Tuesday, July 29, 2008

The Joys of Parenting...or learning about it


As you all know, I work at a day care. There are quite a few little tikes, complete with totally different needs and personalities. Let me give you the breakdown: Morgie-moo is 8 months old -- she's teething, learning to eat some new foods and successfully crawled yesterday. She's cute and chubby, but gets jealous if anyone comes near you when you're holding her. Next is Ayo -- a tiny-tot with cute lamb hair, he hates going to bed. He cries if he sees a blanket.

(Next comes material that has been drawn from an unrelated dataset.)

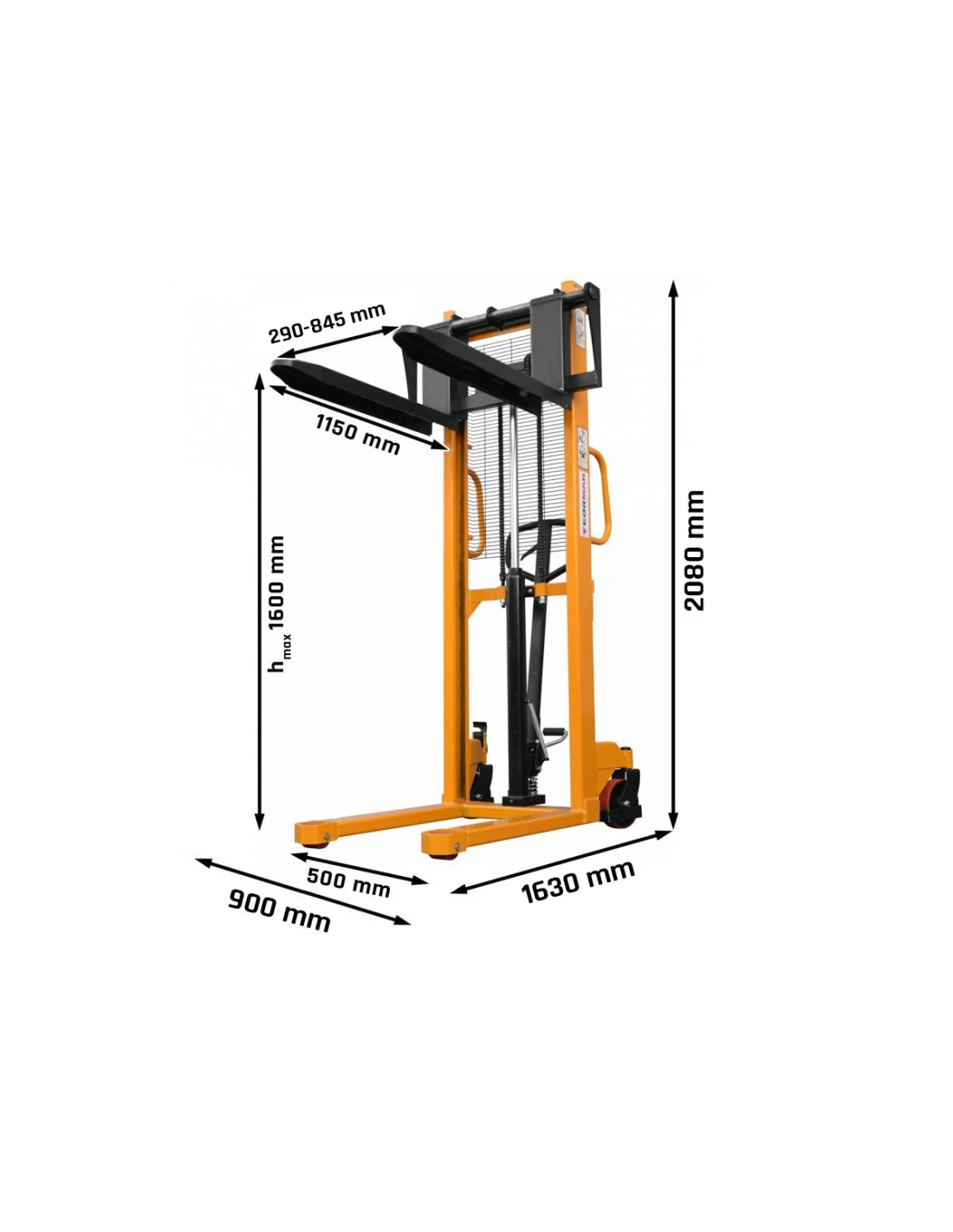 Ruční vozík s nosností 1000 kg a výškou zdvihu 1600 mm, vybavený polyuretanovými kolečky a nastavitelnou roztečí vidlic, je dokonalým nástrojem pro efektivní manipulaci s nákladem a jeho skladování. Díky polyuretanovým válcům zajišťuje stabilní, tichý a dlouhotrvající provoz, zatímco nastavitelná rozteč vidlic umožňuje přenášet nestandardní břemena různých velikostí. Stožárový vozík WRHS1016 je ideální pro použití ve skladech, obchodech a při nakládání a vykládání palet v dodávkových vozech, kde zajišťuje efektivní manipulaci a přesun různého zboží.

Then you have the two cute blond chubby ones: Kyler and Zilli-zoo. Though they're not related, they look like they could be. There's a remarkable difference in communication between the two: Zillia is younger, but has a HUGE vocabulary. She and I are buddies (because I read her stories) and when I come to work she screams with glee "Kissina, Kissina". [Close enough for me] Kyler on the other hand does little more than grunt like a cow. I have taught him to rub his belly to say "please" when he wants something though, and I'm very happy about that. Both these tikes are happy-go-lucky for the most part and give great cuddly hugs.
Then you have Zachie, Winter, Koda and Katie. They are the 2-3 year olds. Koda is almost mute (meaning he's a quiet kid) but he loves dinosaurs and buzz lightyear. Zachie delights in the reaction he gets when he steals toys from other kids. He's a bit mischevious, but sweet in his own right. He can surprise me sometimes by how sharing he can be, but it's never a surprise when someone's crying about a stolen toy as to WHO stole it. I chase him around a lot retrieving said stolen toys. Winter is my drama queen. She's very cute, but falls in a heap of sobs on the floor when anything doesn't go her way. The sobs usually get louder if you pay attention to her, but if you ignore her, she's soon her happy cute self again. Katie rattles off all the time, but I can't really understand her. Her mom makes a great effort to keep her hair done, which always makes her look cute. She loves to read and will often sit with a book mumbling nonesense outloud to herself.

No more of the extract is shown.